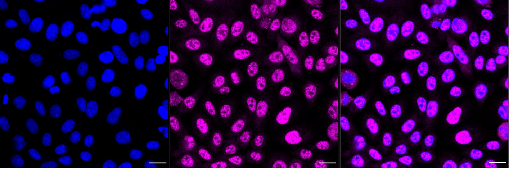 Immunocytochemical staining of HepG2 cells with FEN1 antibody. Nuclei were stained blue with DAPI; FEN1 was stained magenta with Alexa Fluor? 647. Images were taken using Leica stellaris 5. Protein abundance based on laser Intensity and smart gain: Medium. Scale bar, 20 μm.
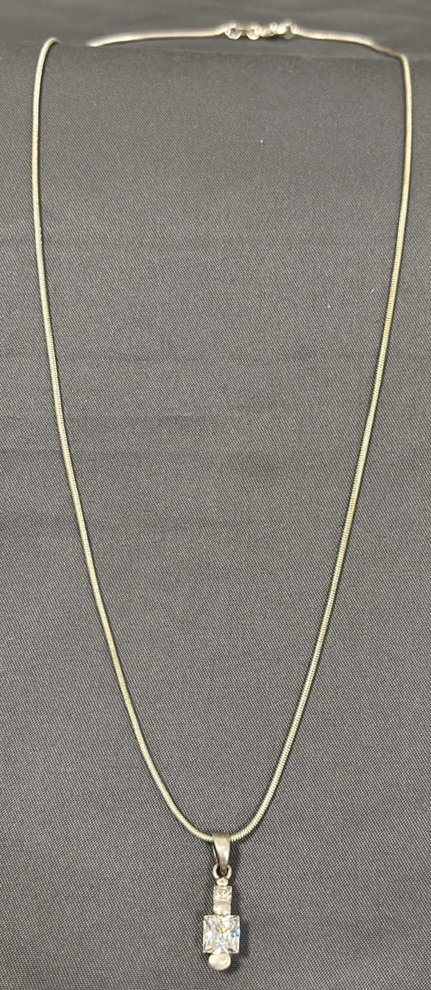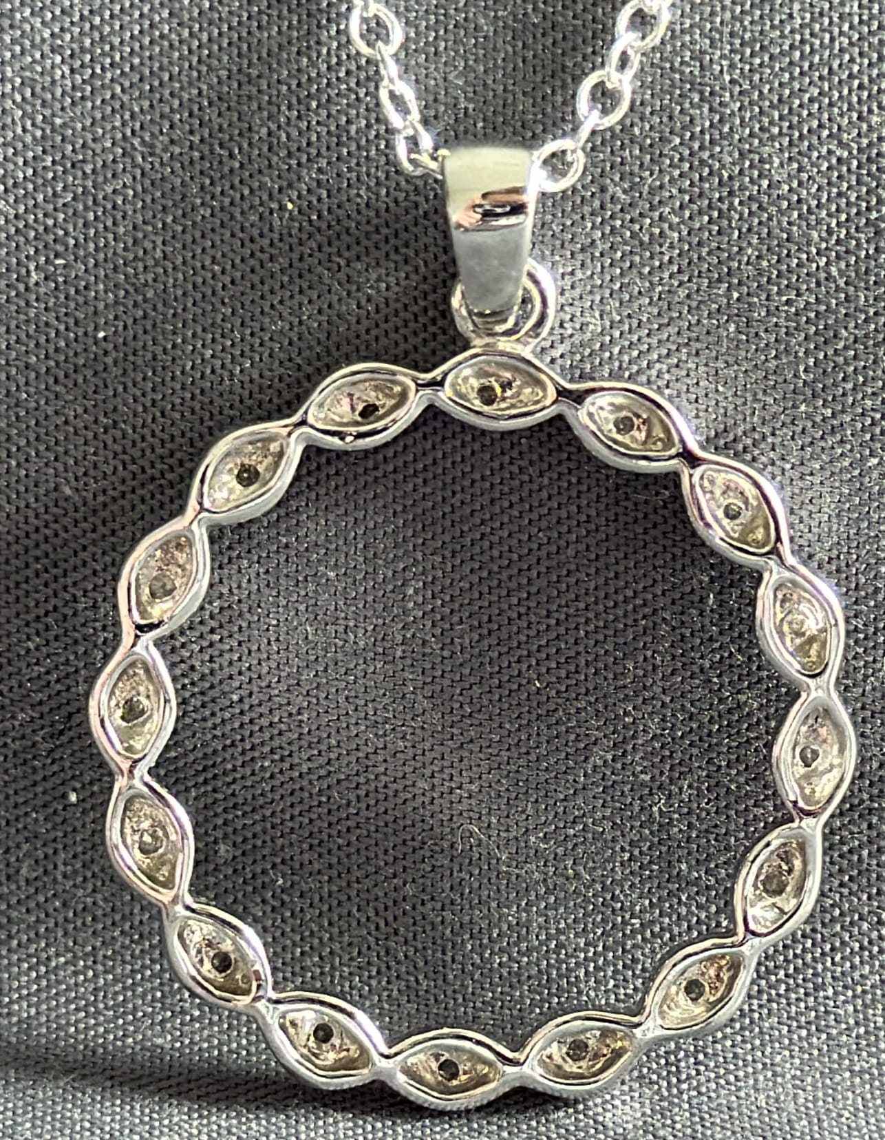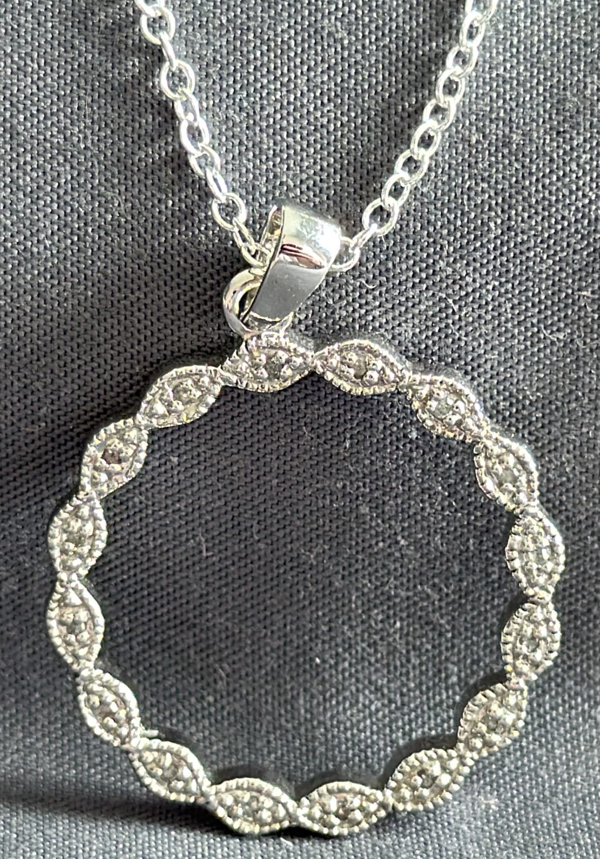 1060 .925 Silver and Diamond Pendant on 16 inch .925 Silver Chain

··········

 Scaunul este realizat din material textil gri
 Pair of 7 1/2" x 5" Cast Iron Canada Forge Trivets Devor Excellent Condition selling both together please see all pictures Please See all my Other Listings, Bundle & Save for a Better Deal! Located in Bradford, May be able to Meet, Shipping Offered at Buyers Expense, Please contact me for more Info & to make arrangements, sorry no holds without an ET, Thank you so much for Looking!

··········

### What to do
Respond with the exact lines above running from the one containing "Immunocytochemical staining of" to the one containing "1060 .925 Silver", both ends kept and no pictures included.

### Result for this task
 Immunocytochemical staining of HepG2 cells with FEN1 antibody. Nuclei were stained blue with DAPI; FEN1 was stained magenta with Alexa Fluor? 647. Images were taken using Leica stellaris 5. Protein abundance based on laser Intensity and smart gain: Medium. Scale bar, 20 μm.
 1060 .925 Silver and Diamond Pendant on 16 inch .925 Silver Chain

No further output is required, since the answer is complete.